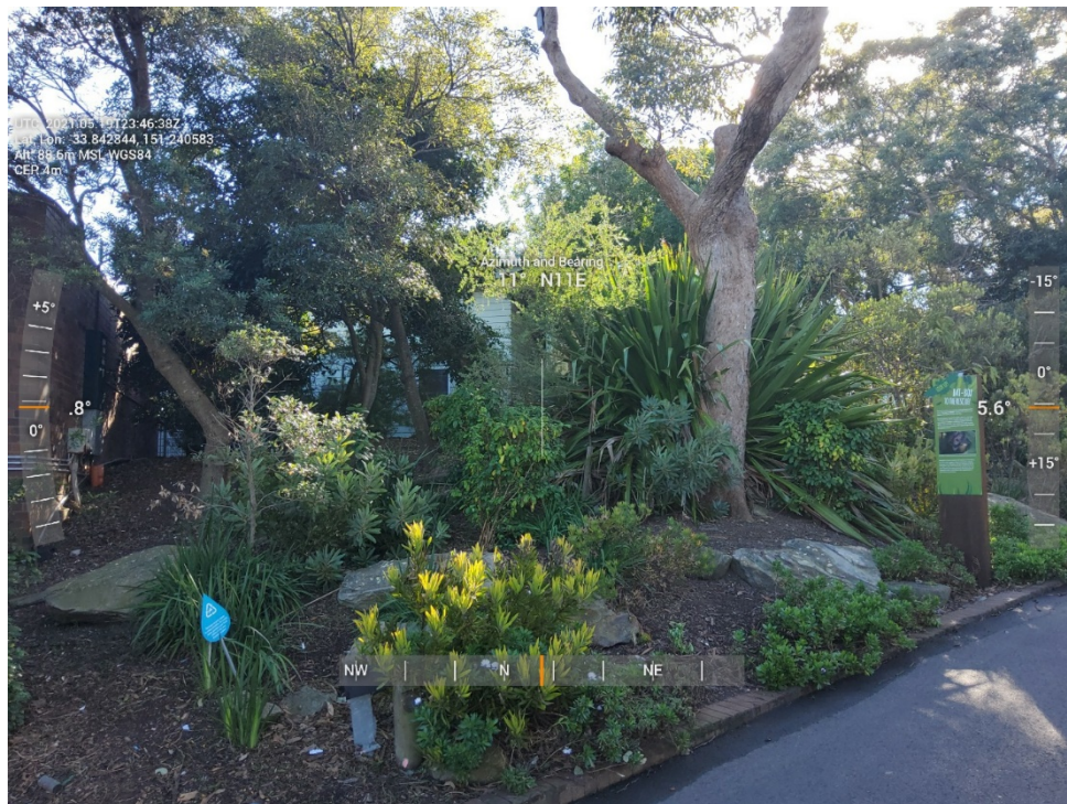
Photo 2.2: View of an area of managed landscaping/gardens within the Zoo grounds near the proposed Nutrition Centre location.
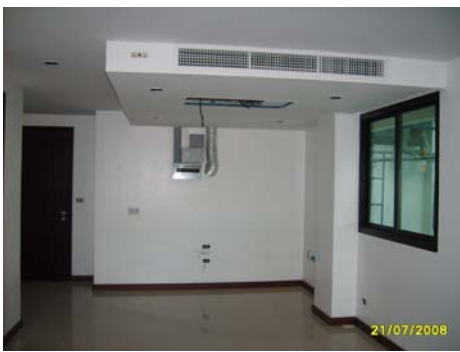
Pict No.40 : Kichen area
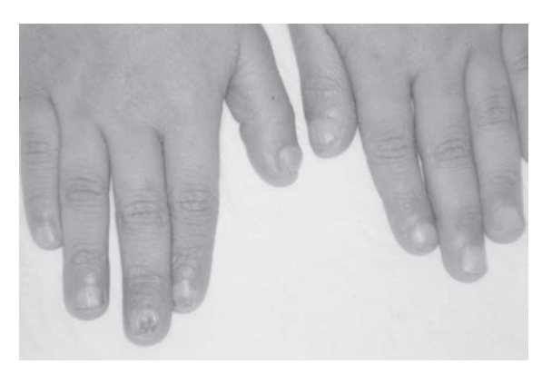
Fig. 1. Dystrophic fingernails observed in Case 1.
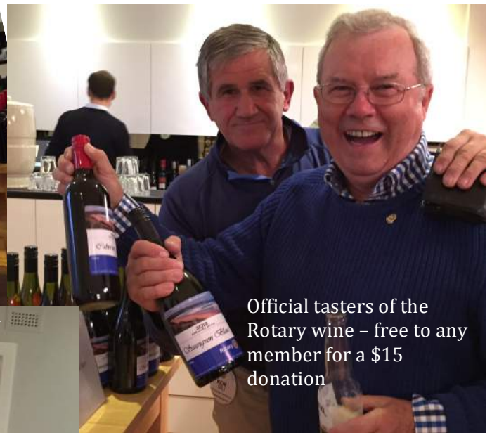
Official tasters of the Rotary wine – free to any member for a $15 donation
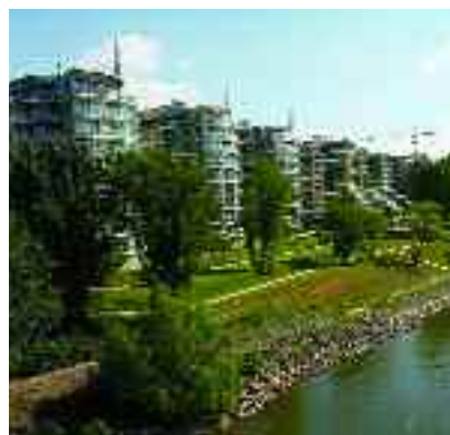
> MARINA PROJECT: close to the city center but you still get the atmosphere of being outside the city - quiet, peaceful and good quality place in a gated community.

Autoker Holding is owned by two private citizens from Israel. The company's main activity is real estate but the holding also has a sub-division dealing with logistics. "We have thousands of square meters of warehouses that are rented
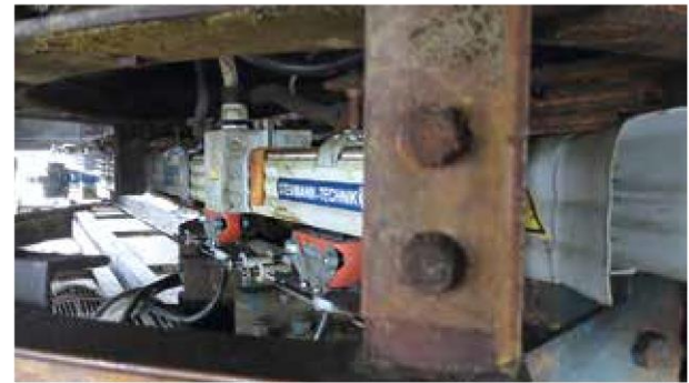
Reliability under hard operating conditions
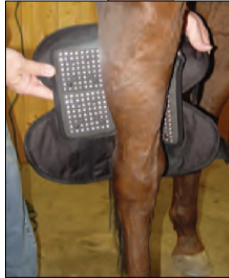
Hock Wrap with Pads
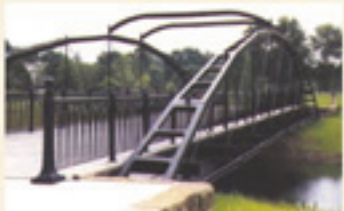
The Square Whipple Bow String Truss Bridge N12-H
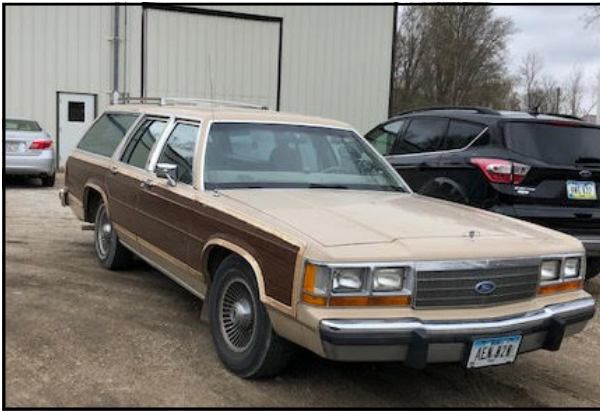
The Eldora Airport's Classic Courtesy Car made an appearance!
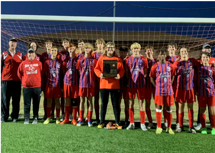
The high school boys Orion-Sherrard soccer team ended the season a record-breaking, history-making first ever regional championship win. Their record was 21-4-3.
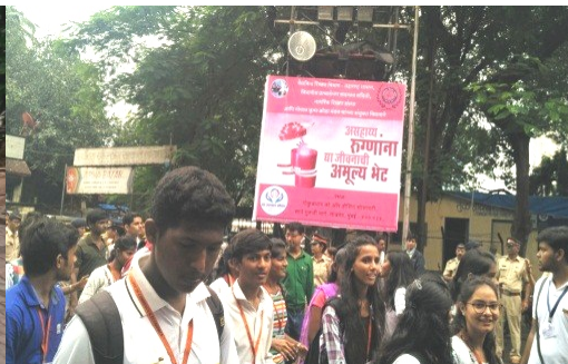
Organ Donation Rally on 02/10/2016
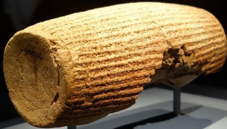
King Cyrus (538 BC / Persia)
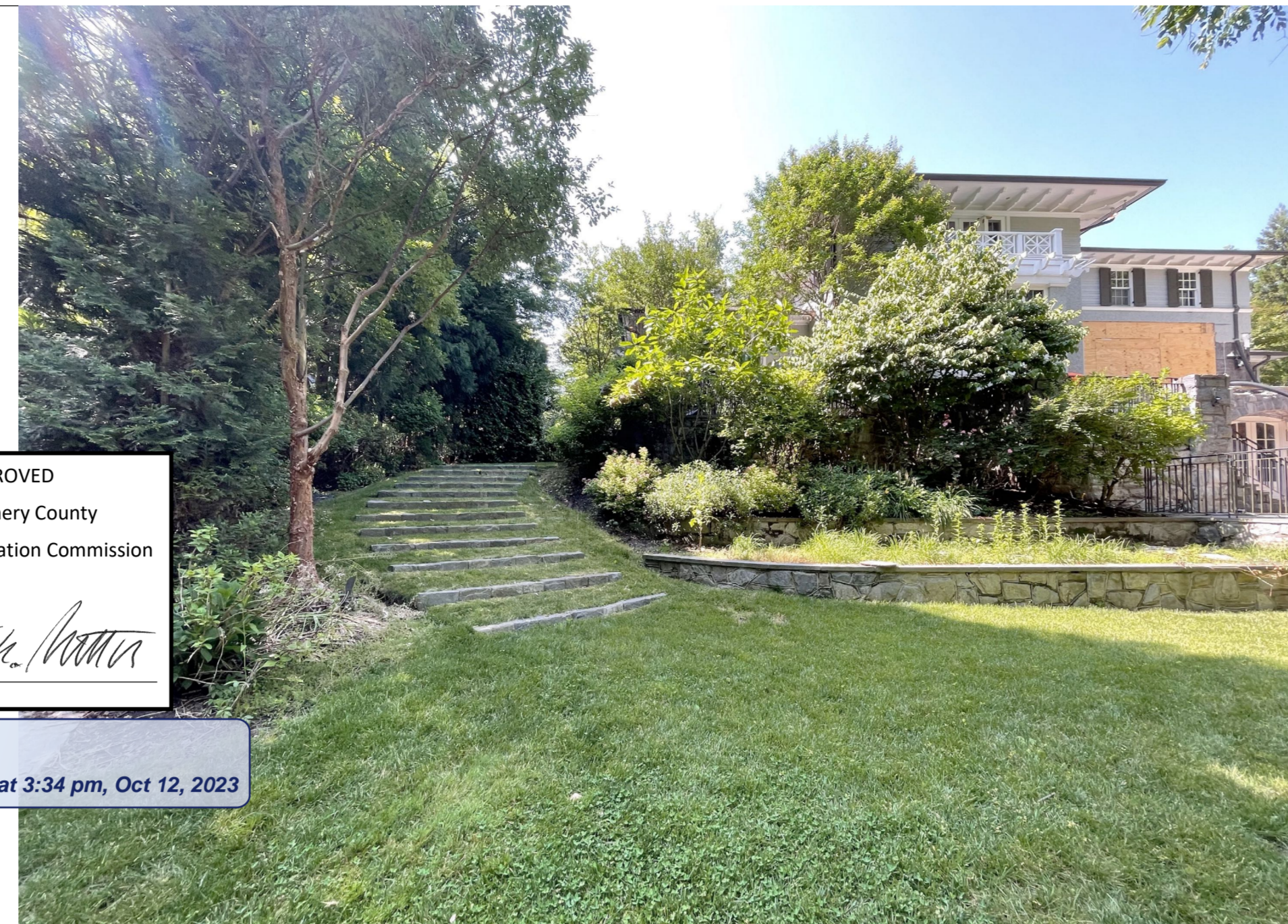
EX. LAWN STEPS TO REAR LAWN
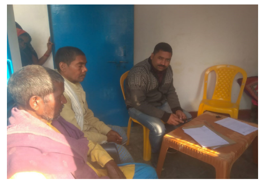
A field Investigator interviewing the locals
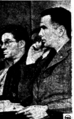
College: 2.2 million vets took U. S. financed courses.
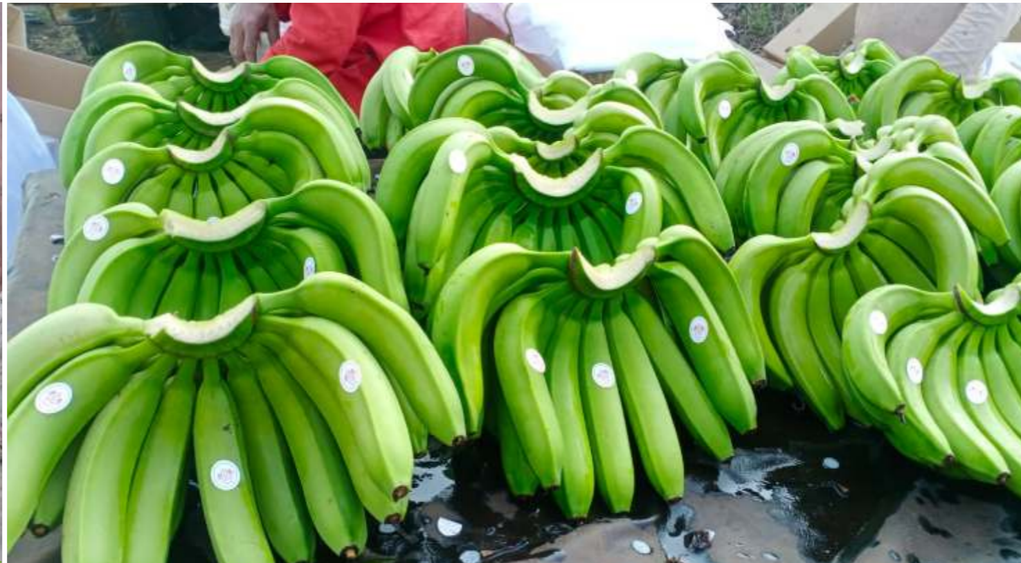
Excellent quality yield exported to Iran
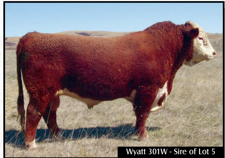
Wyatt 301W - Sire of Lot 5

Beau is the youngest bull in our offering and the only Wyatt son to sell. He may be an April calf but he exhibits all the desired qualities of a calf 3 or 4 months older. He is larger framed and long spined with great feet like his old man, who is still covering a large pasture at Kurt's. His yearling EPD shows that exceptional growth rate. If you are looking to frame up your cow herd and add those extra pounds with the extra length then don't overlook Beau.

===

Only the lines above starting with the line with "Autoker Holding is" and going on through the line with "Wyatt 301W - Sire of Lot 5" belong in the answer; repeat them exactly, minus any picture.

TASK RESULT —
Autoker Holding is owned by two private citizens from Israel. The company's main activity is real estate but the holding also has a sub-division dealing with logistics. "We have thousands of square meters of warehouses that are rented
Reliability under hard operating conditions
Hock Wrap with Pads
The Square Whipple Bow String Truss Bridge N12-H
The Eldora Airport's Classic Courtesy Car made an appearance!
The high school boys Orion-Sherrard soccer team ended the season a record-breaking, history-making first ever regional championship win. Their record was 21-4-3.
Organ Donation Rally on 02/10/2016
King Cyrus (538 BC / Persia)
EX. LAWN STEPS TO REAR LAWN
A field Investigator interviewing the locals
College: 2.2 million vets took U. S. financed courses.
Excellent quality yield exported to Iran
Wyatt 301W - Sire of Lot 5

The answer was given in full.